Dynamic inquiry or coupon information inquiry, the corresponding history input information of the scene can be with are as follows: it is preferential to subtract 300 for number full 3000
Certificate I how neck less than;How discount coupon is led;It is preferential etc. that has.
Specific preferential inquiry business scene, scene meaning can be identified with label data ACT_SPECIFY_DISCOUNT
Refer to preferential inquiry to special object, the corresponding history input information of the scene can be with are as follows: I wants to buy the millet hand cheaply to give a discount
Machine;A invigorating now please be recommend dynamic to have preferential eye-protecting desk lamp etc..
After-sale service business scenario can be identified with label data ACT_AFTER_SALES, which means and replace
Goods, the after-sale services such as to report for repairment related, and the corresponding history input information of the scene can be with are as follows: Huawei freely plays how much 5 screens are broken;
I will return goods;I will exchange goods.
The through business scenario of whole station can be identified with label data ACT_SHORT_CUT, which means specifically to take
It is engaged in module, the scene corresponding history input information can be with are as follows: shopping cart;Customer service etc..

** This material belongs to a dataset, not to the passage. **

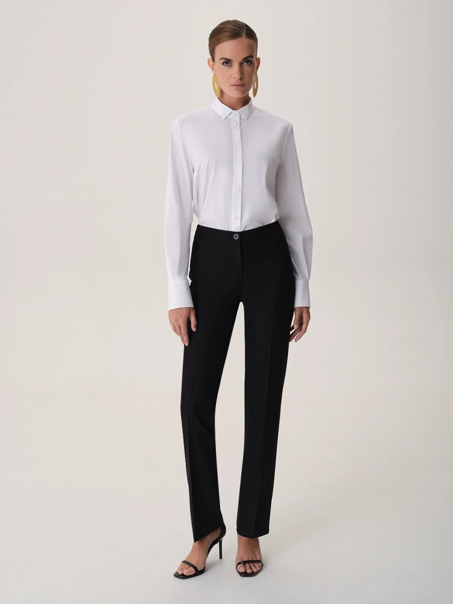Строгие классические брюки зауженного кроя идеально впишутся в деловой гардероб для стильных официальных образов. Модель выполнена из плотной костюмной ткани премиального качества в черном цвете. Пояс на высокой посадке создает акцент на талии, а вытачки сзади визуально округляют бедра. По всей длине проходят вертикальные заутюженные стрелки, которые вытягивают и стройнят силуэт.

Unknown business scenario can be identified with label data UN_KNOWN, which means that this history input information does not belong to
In above-mentioned all business scenarios, such history input information can be with are as follows: you guess that I wants ask you what;How to purchase by group etc..

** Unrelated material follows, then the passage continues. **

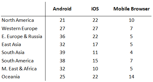 在谈及优先平台时,多年以来,iOS一直在开发者首选项里高居首位。一家公司在开始创建新的应用程序时,会把iOS作为第一个目标平台,而如果应用取得了成功,他们才会在Android上做同样的尝试。但现在,在北美和西欧,Android已经在开发者首选项里赶上了iOS。根据VisionMobile的调查,在世界的其他地区,Android也有重要的引领作用,尤其是在亚洲。下表给出了具体的数值。在业余和辅助项目里(这里没有给出),Android的数值比iOS高得更多。

Word segmentation module 4 is used to segment each history input information, and specifically, word segmentation module 4 is default according to dictionary
The preset customized dictionary of module 1 segments each history input information, and then feature vector representation module 5 uses feature
Vector indicates that each history inputs information.Wherein, feature vector includes N number of component, which corresponds respectively to custom words
Each word in library, the value of N number of component respectively indicate the frequency that each word occurs in the history input information through segmenting
It is secondary.For example, customized dictionary is { millet, white, delivery is beautiful, air-conditioning, electronic cigarette }, including 6 words, history input letter
Breath is " air-conditioning for giving the beauty of my parcel received white ", then history input information feature vector can be expressed as [0,1,0,1,1,
0]。
Further, it is contemplated that the quantity of word is limited in customized dictionary, and there are history input information not to include
The situation of word in customized dictionary, feature vector can add N+1 component at this time, if the value of N number of component is 0, N
The value of+1 component is 1;Otherwise, the value of the N+1 component is 0.For example, customized dictionary is { millet, white, delivery, beauty
, air-conditioning, electronic cigarette }, it is " to the air-conditioning of the beauty of my parcel received white " that then the history inputs information feature that history, which inputs information,
Vector can be expressed as [0,1,0,1,1,0,0], and it is " you may I ask well either with or without the salt that iodine is not added " that history, which inputs information, then this is gone through
History input information feature vector can be expressed as [0,0,0,0,0,0,1].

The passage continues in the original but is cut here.